Son como bolsitas llenas de una proteína llamada hemoglobina que tiene la peculiaridad de unirse con facilidad a ciertos gases como el oxígeno y el CO2 (anhídrido carbónico). Los eritrocitos están continuamente viajando, gracias al impulso circulatorio del corazón, desde los pulmones, donde se recoge el oxígeno para las células que requieren de él para el metabolismo productor de energía; a su vez las células se deshacen de su principal residuo metabólico (el anhídrido carbónico, CO2). El ciclo de oxigenación de un glóbulo rojo comienza pues en el pulmón. Allí al paso por los capilares pulmonares recibe el oxígeno. Tras ello viaja hacia los diferentes tejidos. Al llegar a los capilares de esos tejidos el hematíe libera el oxígeno sobre las células con las que se cruza quedándose al mismo tiempo con el CO2 que éstas desprenden. Al volver el glóbulo rojo a los pulmones se deshace de ese CO2 que será eliminado en la expiración, quedando así de nuevo disponible para volver a vincular oxígeno e iniciar así un nuevo ciclo de oxigenación.

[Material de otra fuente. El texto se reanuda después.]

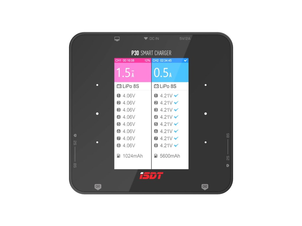 Vysokovýkonný dvoukanálový nabíječ ISDT P30 1500W je inteligentní nabíječ s napájením z autobaterie nebo výkonného stabilizovaného síťového zdroje a velmi jednoduchou a přehlednou obsluhou. P30 umožňuje nabíjet a vybíjet běžné typy článků (NiCd, NiMH, LiPo, LiHV, ULiHV, Li-ion, LiFe, Pb), navíc je vybaven vestavěnými osmikanálovými balancery, které zajišťují bezpečné nabíjení lithiových akumulátorů. Nabíječ je vybaven barevným LCD displejem a dotykovými programovacími tlačítky, které vám poskytnou možnost komfortního a velice přehledného nastavování parametrů, řízení a sledování průběhu nabíjení.

Glóbulos blancos o leucocitos

A este grupo pertenecen todas aquellas células encargadas de defendernos de los agentes extraños que pueden lesionar nuestros tejidos como son los virus y las bacterias, entre otros, cuando encuentran ocasión de infectarnos. En este grupo están, por ejemplo, los granulocitos (clasificables en neutrófilos, basófilos y eosinófilos), los monocitos y los linfocitos básicamente.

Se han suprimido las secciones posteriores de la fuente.